Could low-power 'Fusion' CPUs be built on a 40-nm bulk process?

The last AMD roadmap we saw described Ontario, a 32-nm "accelerated processing unit" with two cores, 1MB of cache, support for DDR3 memory, and a built-in graphics processor. We haven't heard much about this future product since then, but today, Fudzilla claims AMD now intends to build that product on a 40-nm bulk silicon process.

Using that type of process might allow AMD to more easily integrate a GPU into the same die as the processor. However, since current AMD CPUs use silicon-on-insulator technology, a retooling of the processor design would also be in order.

Fudzilla says that's also on the menu. AMD will reportedly base Ontario on its next-generation Bobcat processor architecture, the low-power sidekick of Bulldozer. We first heard about Bobcat way back in July 2007; back then, AMD talked of a processor designed from the ground up for "mobile, ultra-mobile and consumer electronics" and tweaked to "scale as low as 1 watt."

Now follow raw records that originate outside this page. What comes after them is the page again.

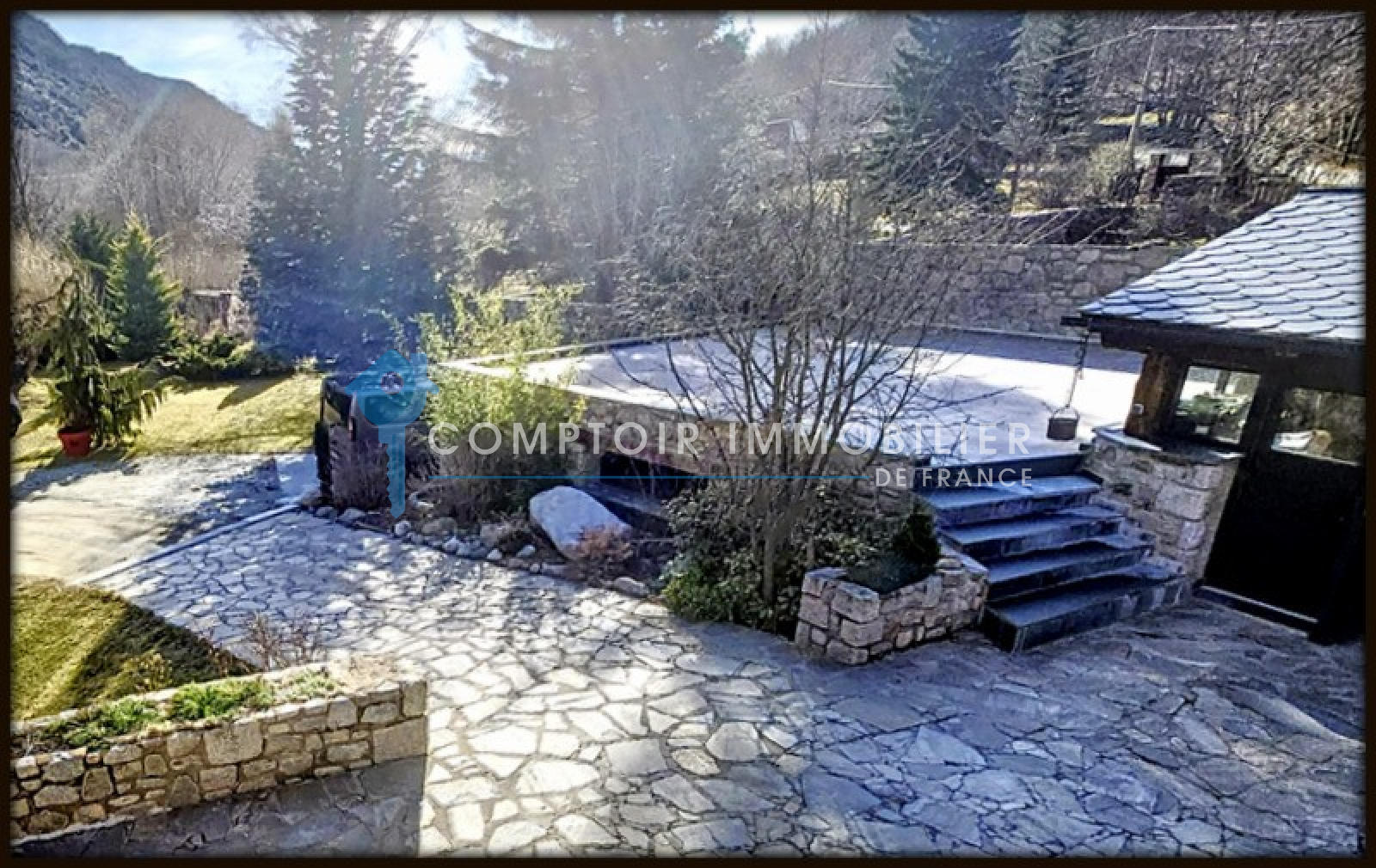 En plus un grand garage, une cuisine d'été et surtout une magnifique parcelle arborée d'environ 5000 m2 avec la rivière qui coule à proximité.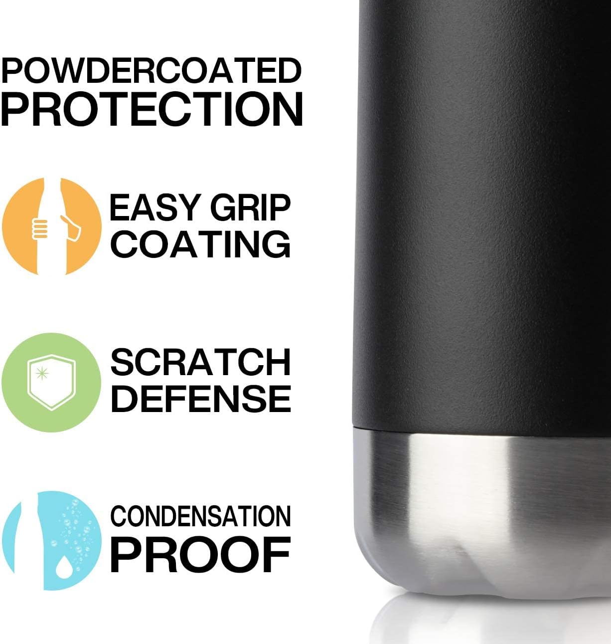 - NO LEAKS:The travel water bottle comes with a leak proof, insulated,NO BPA and Phthalates cap. The stainless steel lid will prevent any accidental spills. This multifunctional water bottle is easy to grab, while you are on the go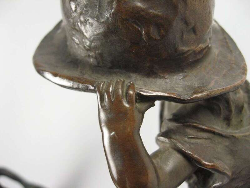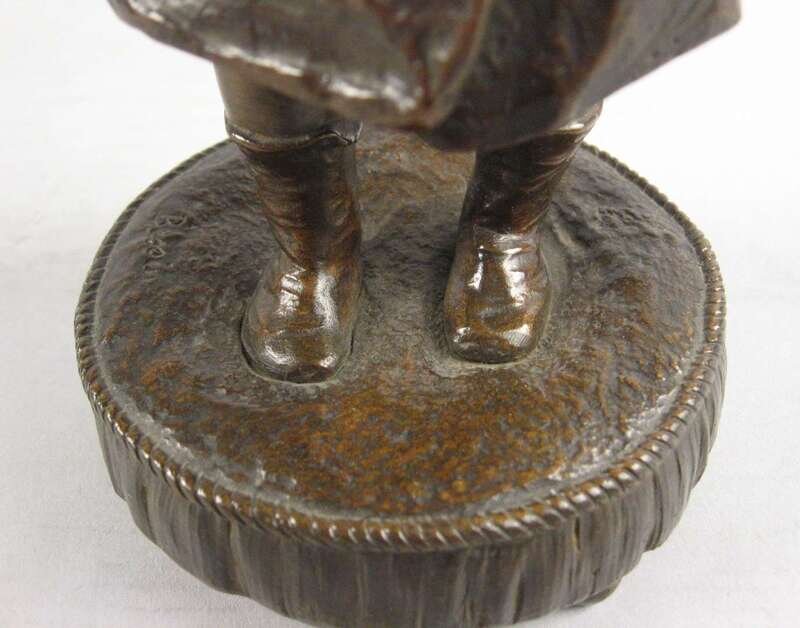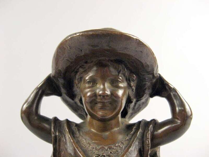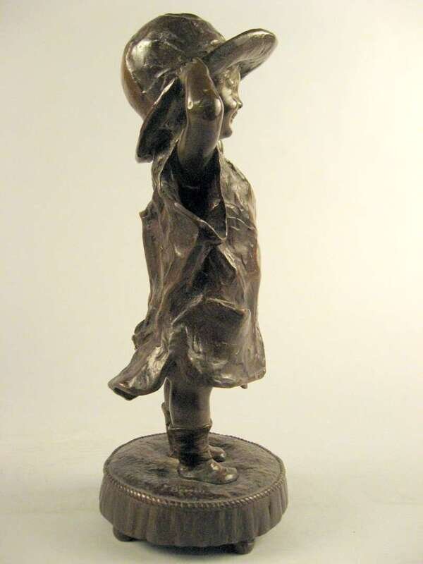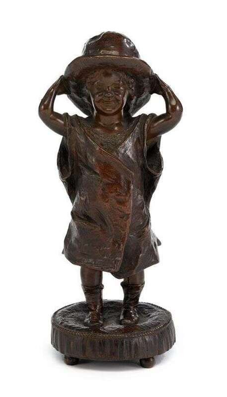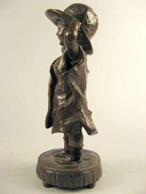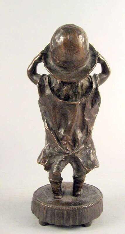 Bronze, medium brown patina, modeled as a little girl wearing her father's waistcoat and hat, signed 'Bessin'.
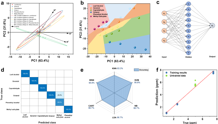 图3. 机器学习算法在挥发性香气物质种类识别和浓度预测中的应用。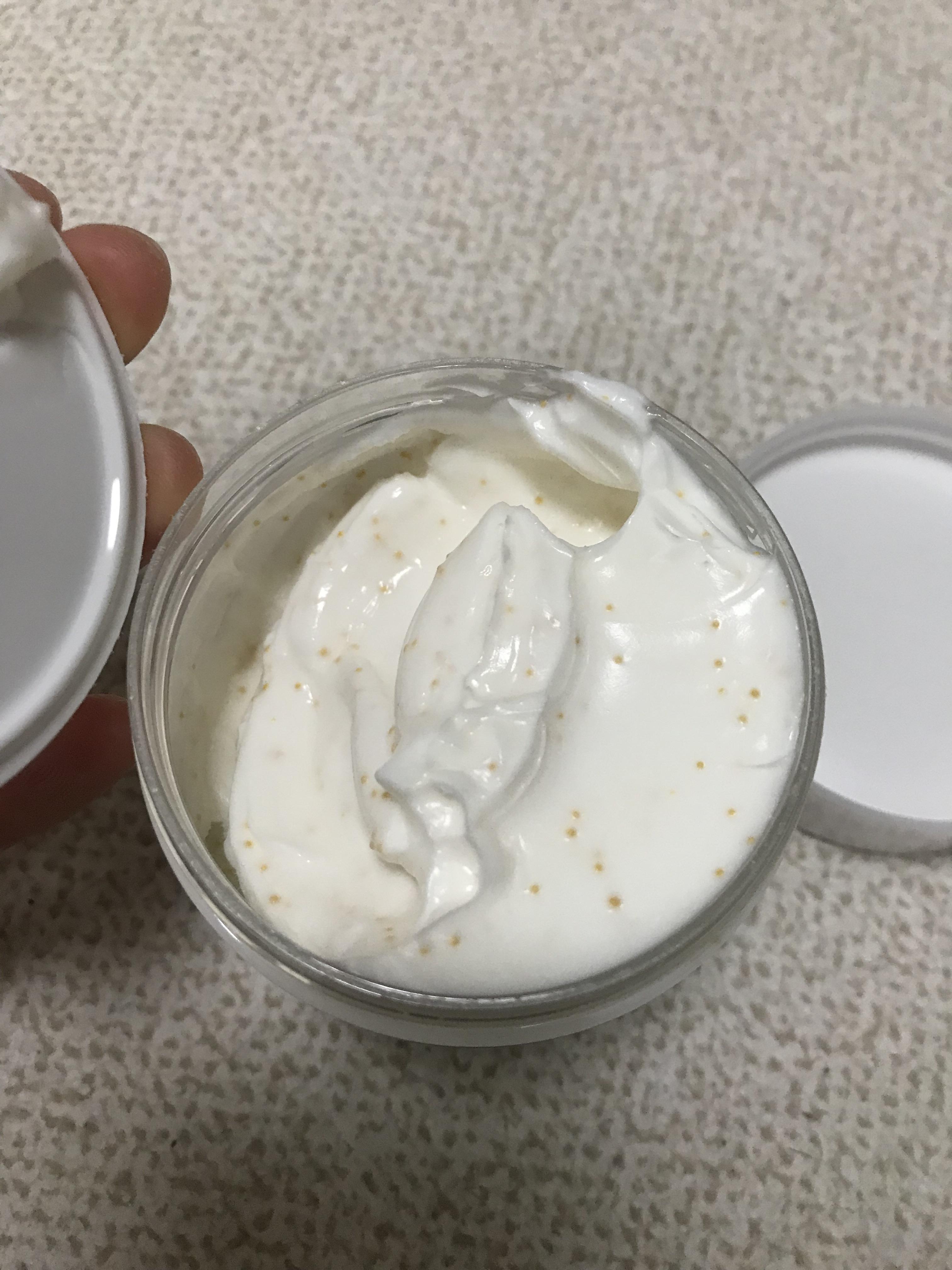 용기를 열고 덮개를 제거하면 오렌지색 알갱이가 섞인 아이보리색 크림이 가득 들어있어요. 바로 요 오렌지색 알갱이가 피부에 자연스럽게 녹아들면서 엘리자베스아덴 그린티만의 부드럽고 상큼한 향이 은은하게 퍼진답니다. 너무 가볍지않고, 시큼하지 않은 그런 향. 하루종일 은은하게 퍼지는 향으로 기분도 업! 오래가는 향의 바디로션을 찾으셨던 분들이라면 꼭 한번 사용해보시길 추천 드려요.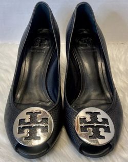 Tory Burch Peep Toe Black Leather Wedges Sally Heels, Size 9$65Oldsmar, FL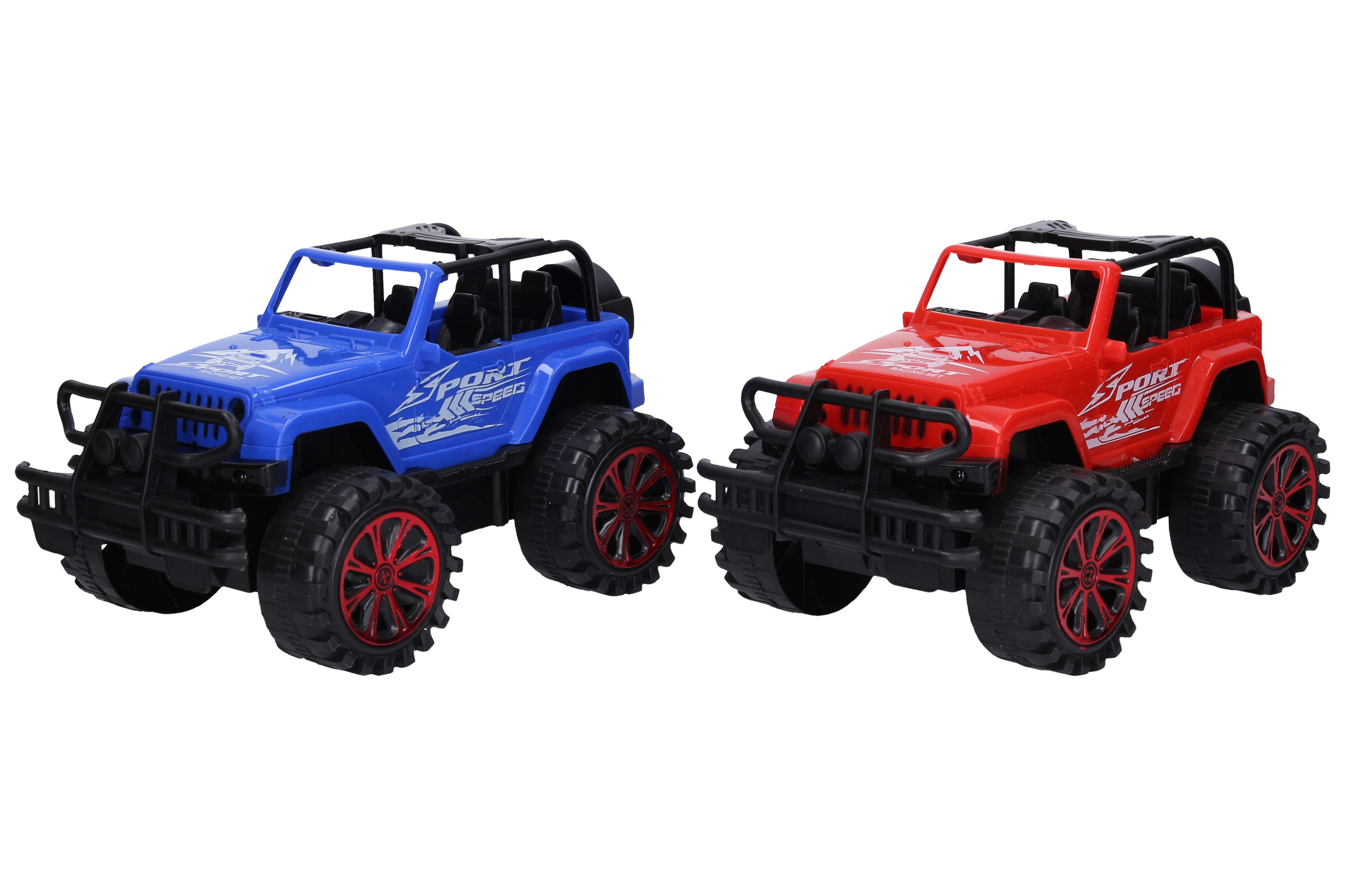 Auto terénní. Rozměry 22x14x11 cm. Na setrvačník. 2 varianty - červená, modrá.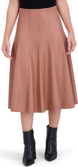 Perfect for a day or night out, this ultrasoft faux-leather midi skirt is cut in a paneled A-line silhouette that flutters with every step.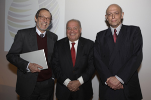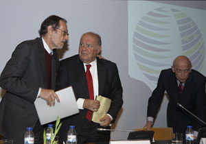 E. Cassinello, Vicepresidente de la Fundación Euroamérica, E. Iglesias, Secretario General Iberoamericano y E. Rodrígues, Presidente de la Fundación Luso-Espanhola |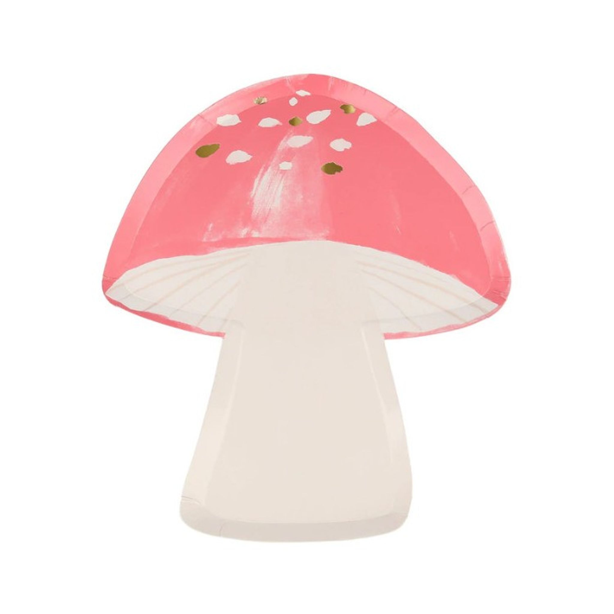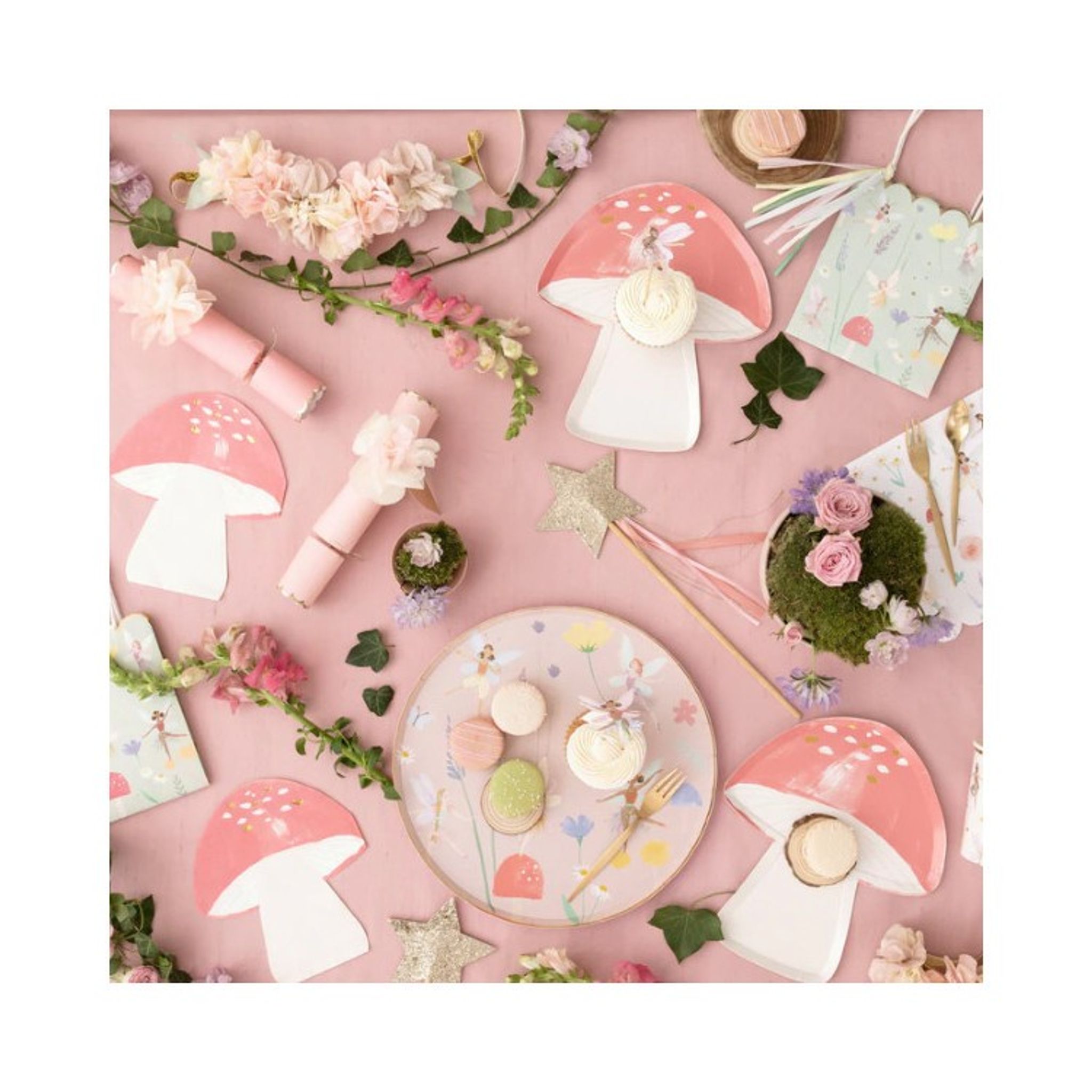Duka upp för ett mysigt barnkalas med tema skogens djur. Pappersassietterna i form av mörkrosa och beiga flugsvampar med guldfolierade detaljer blir dukningen extra fin! Flugsvamparna blir kanske extra festliga tillsammans med kalasdekorationer i rosa eller när du vill anordna ett barnkalas för barnet som bara älskar skogens alla vackra ting!

Intel's Atom CPU also fits that description—and as you might recall, Intel recently partnered up with TSMC to port the processor to a bulk silicon process. Fudzilla's story therefore doesn't sound all that unbelievable. It doesn't answer the question of whose bulk 40-nm process AMD will choose, though.  TSMC already fabs AMD's graphics processors, and GlobalFoundries was recently chosen by STMicroelectronics for the production of unannounced devices.